Also check this thread and this one. Loads of good stuff on interaction here, and also some good discussion about beginner species, should help to give you an idea on what you are in for.

They're really quite rewarding to keep but need patience and room.


----------



## brandreptiles (Aug 21, 2016)

Smittiferous said:


> What are you currently keeping?


Im currently keeping 2 beardies and 2 eastern water dragons and am wanting to enter the monitor world. Are they harder or easier to tame then water dragons? Can i keep them in pairs or trios?


----------



## HerpNthusiast (Aug 21, 2016)

Smittiferous said:


> What are you currently keeping? Sandies in my own limited experience seem to be fairly simple to keep happy provided their basic needs are met (space, hides, digging substrate, a decent hot spot and loads of patience and personal space for the animal).
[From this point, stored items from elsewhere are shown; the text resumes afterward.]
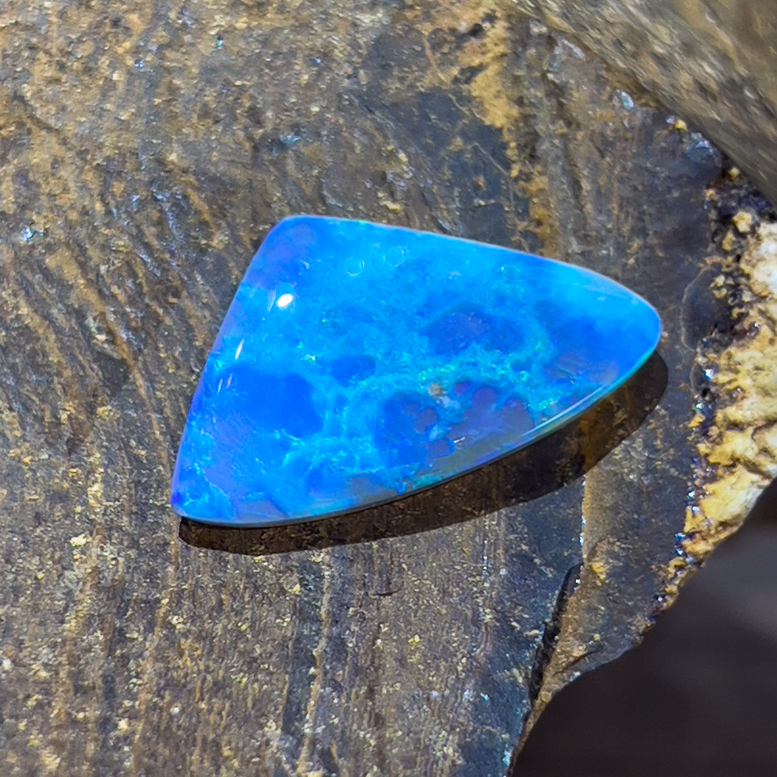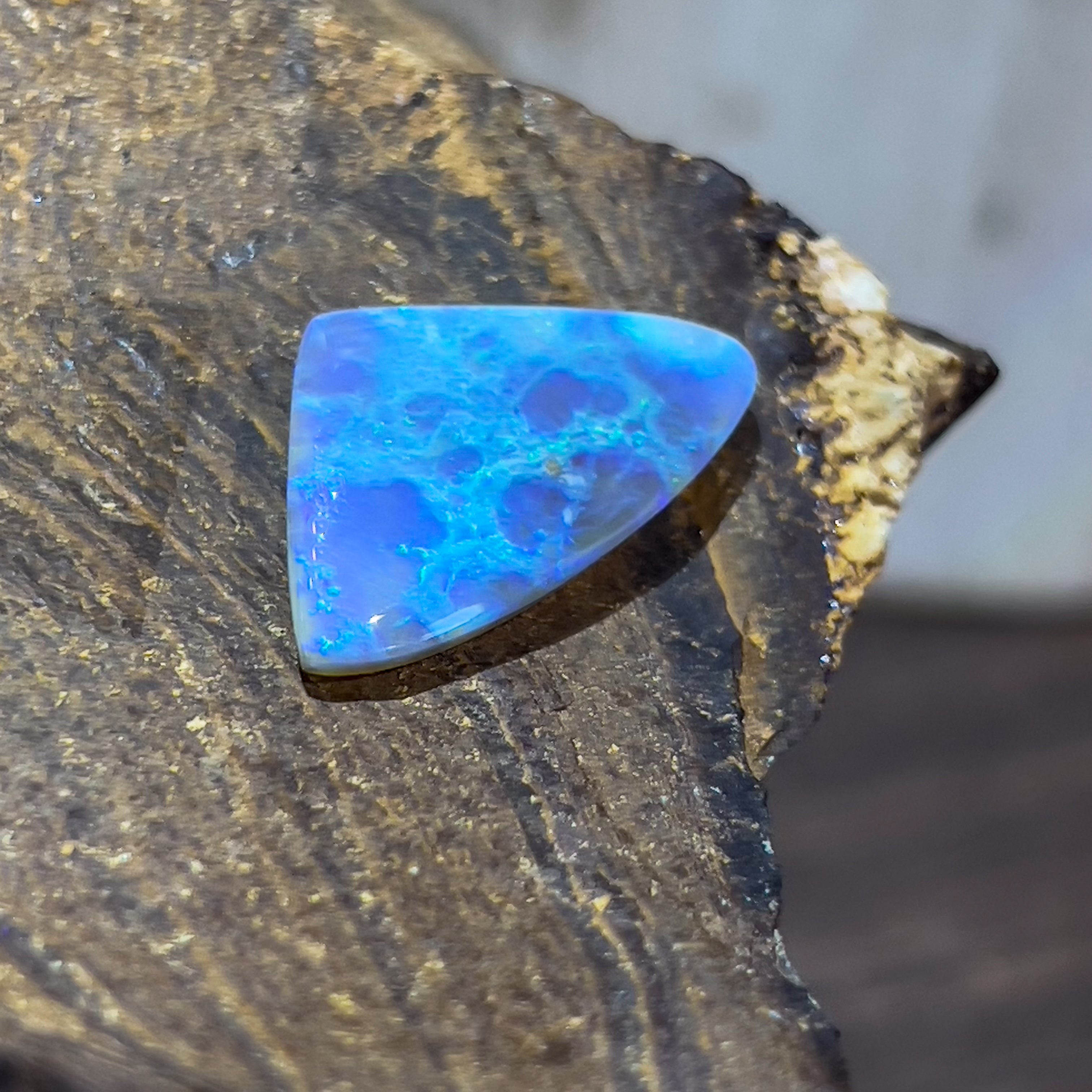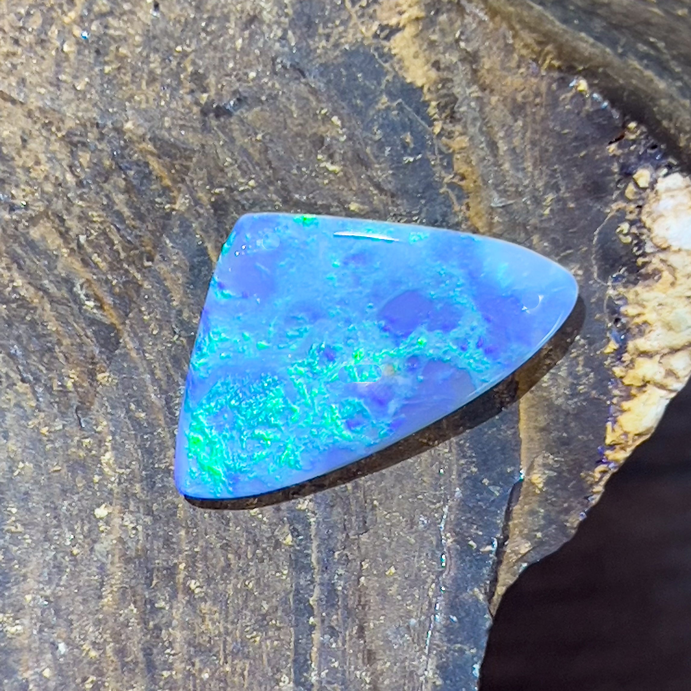 Experience the beauty of Solid Opal with our One Triangular Shape Semi Black Opal. This stunning 5.81ct gemstone boasts a unique triangular shape and mesmerizing black undertones. Add it to your jewelry collection today and elevate any look with its natural beauty.
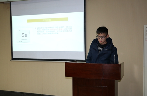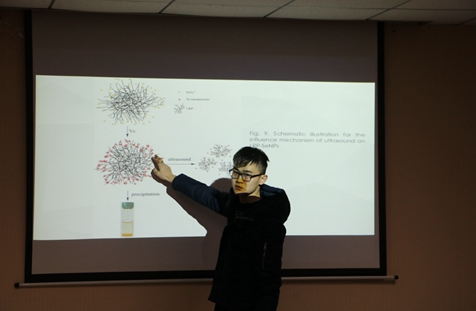 本次报告中,蔡文斐首先向到场的师生们介绍了虎乳灵芝多糖(LRP)与硒纳米粒子(SeNPs)的研究背景。随后,他又详细地向大家讲述了汇报的主要内容,包括超声辅助下虎乳灵芝多糖硒纳米粒子的制备;超声辅助下虎乳灵芝多糖硒纳米粒子的紫外、红外、纳米粒度仪、透射电镜、X射线能谱等一系列结构表征以及该复合物对于ABTS自由基和DPPH自由基的清除率。同时,通过视频和文字结合方式,对超声空化效应的原理和应用进行了阐释说明,将单一的汇报变动生动有趣。最后对研究内容进行小结:超声使LRP紧密线圈结构解缠结,使U-LRP成为合适的载体,SeNPs更加容易进入并稳定在U-LRP;超声处理使复合物具有更小粒径和更佳稳定性;同时超声处理提高LRP-SeNPs对DPPH、ABTS自由基的清除率。
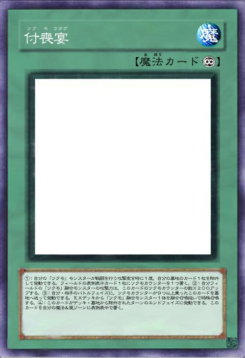 | ①:自分の「ツクモ」モンスターが戦闘を行う攻撃宣言時に1度、自分の墓地のカード1枚を除外して発動できる。フィールドの表側表示カード1枚にツクモカウンターを1つ置く。②:自分フィールドの「ツクモ」融合モンスターの攻撃力は、このカードのツクモカウンターの数×200アップする。③:自分・相手のバトルフェイズに、ツクモカウンターが9つ以上乗ったこのカードを墓地へ送って発動できる。EXデッキから「ツクモ」融合モンスター1体を融合召喚扱いで特殊召喚する。④:このカードがデッキ・墓地から除外されたターンのエンドフェイズに発動できる。このカードを自分の魔法&罠ゾーンに表側表示で置く。 | |||

That being said, they're quite the commitment. They start out small and adorable but will grow up to and over a metre long, five of their six ends are death (with the sixth capable of giving a painful tail whip) and some individuals can have a pretty crazy feeding response. Yesterday one of mine decided my phone was possibly food and rocketed out of his enclosure while I was attempting to take a photo of him! He mostly bit my phone. Mostly.
> 
> They also are not like bearded dragons, interaction with them takes a lot of patience and building of trust between the both of you. All monitors will tell you where to go if they feel threatened or are not in the mood.
> 
> ...



Here here @Smittiferous,
I keep an ackie which is a really easy monitor to keep and all monitors do need very similar care requirements first of all is a HOT, HOT basking spot of 50-70. I have never kept a Sand goanna but i did research them whilst looking through monitors to keep the reason i didnt get one is because i just don't have the room for it :cry:. 

The one thing that varies is enclosure size. This is because goannas vary so much in size. For a Sandie you'll need a sizeable tank or you'll defs need to upgrade as he grows were you planning on getting a hatchling or fully developed adult?. Just type into the search bar on this forum "Sand Monitor" and you'll get some care threads, some picture threads (those threads don't have much in terms of care but they usually have pics of the enclosure which can give you some idea on what needs to be done). 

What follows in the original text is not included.